You just produced Table 1. Here’s what it gives you word-for-word:

“Baseline characteristics were broadly balanced between treatment arms (Table 1). The mean age was 47 years (SD 14) in the Drug A arm and 49 years (SD 14) in the Drug B arm (p = 0.3). Tumor stage and grade distributions did not differ significantly between groups (p > 0.05 for both).”

That paragraph took 5 minutes and 6 lines of R.

In Excel it would have been 30 minutes of copy-pasting, formula-writing, and manual formatting — and you’d have to redo it if a patient was excluded.

🖥️ Your Turn: Reproduce Table 1

Fill in the blanks to reproduce the table.

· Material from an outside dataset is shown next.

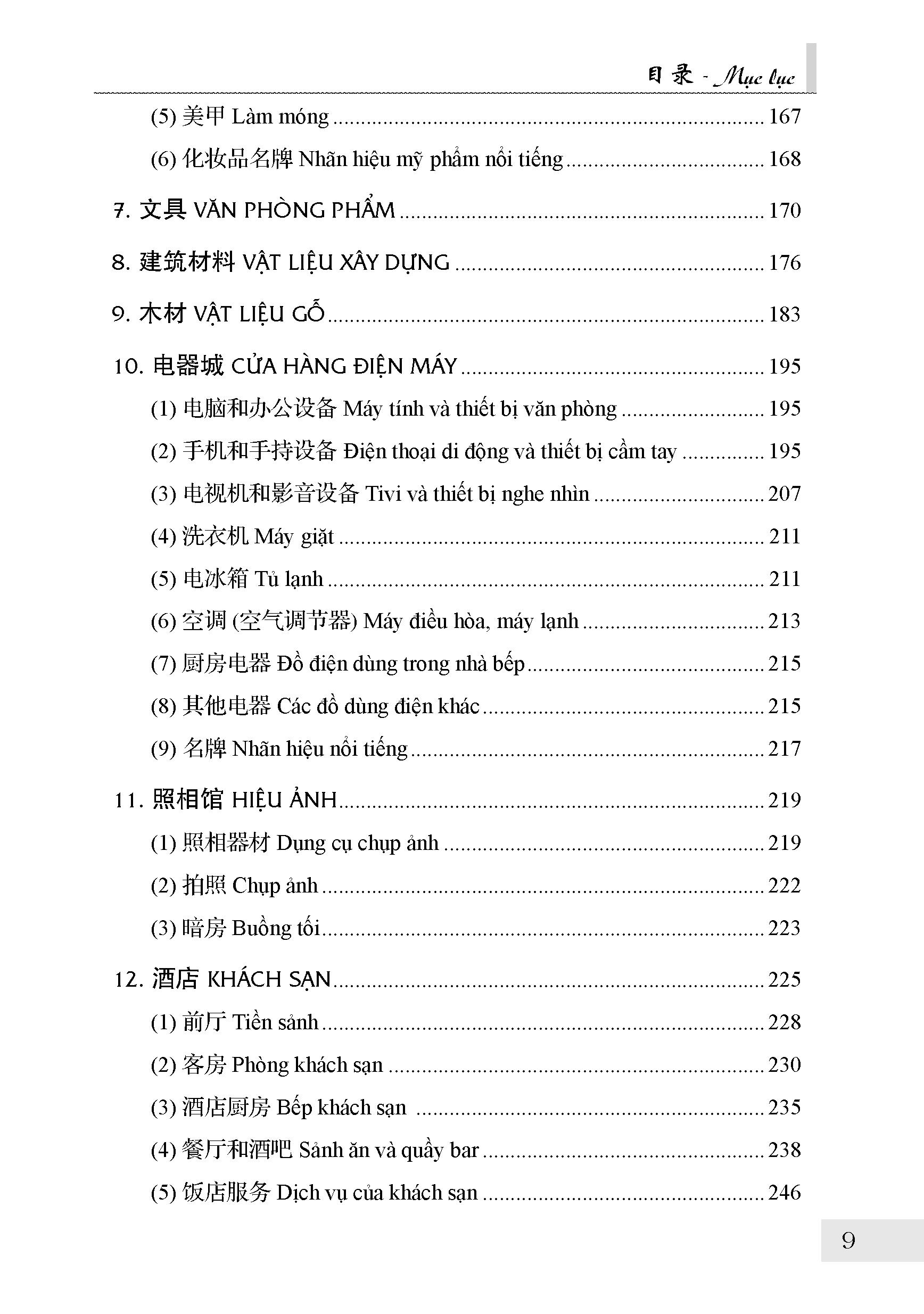 Lần tái bản này, cuốn từ điển đã được sửa chữa bổ sung nhiều về nội dung. Thứ nhất, chúng tôi đã rà soát sửa chữa những lỗi biên tập và in ấn còn sót lại ở lần xuất bản trước, đồng thời bổ sung thêm khá nhiều từ ngữ mới rất bổ ích ở các chủ đề (đặc biệt là các chủ đề Thực phẩm, Trang phục và phụ kiện, Cửa hàng điện máy). Thứ hai, chúng tôi đã gộp chung nhiều chủ điểm có liên quan với nhau thành một chủ điểm lớn (trong đó có phân chia thành những chủ điểm nhỏ) để cấu trúc cuốn sách được gọn gàng hơn. Thứ ba, chúng tôi đã đưa thêm một số chủ đề mới mà người sử dụng tiếng Hán ở Việt Nam thường gặp như các món ăn Việt Nam, vật liệu gỗ, điện thoại và máy tính… Nhận thấy đây là những chủ đề rất cần thiết trong khi hầu như không có tài liệu tham khảo, chúng tôi đã mạnh dạn biên soạn để bổ sung vào từ điển, rất mong có thể đáp ứng được phần nào nhu cầu của độc giả.

The variable list and label are already there — you just need the by argument and add_p().

Tip

trial |> select(trt, age, marker, stage, grade, response) |> tbl_summary( by = trt, statistic = list( all_continuous() ~ "{mean} ({sd})", all_categorical() ~ "{n} ({p}%)" ) ) |> add_p() |> add_overall() |> bold_labels()
trial |>
  select(trt, age, marker, stage, grade, response) |>
  tbl_summary(
    by = trt,
    statistic = list(
      all_continuous()  ~ "{mean} ({sd})",
      all_categorical() ~ "{n} ({p}%)"
    )
  ) |>
  add_p() |>
  add_overall() |>
  bold_labels()

Section 3: Showing Your Results

What goes in the Results figures?

Your PI asked for two figures:

  1. Treatment response rates by arm — “Did Drug A or Drug B work better?”
  2. Marker levels by grade and treatment — “Does the biomarker behave differently across subgroups?”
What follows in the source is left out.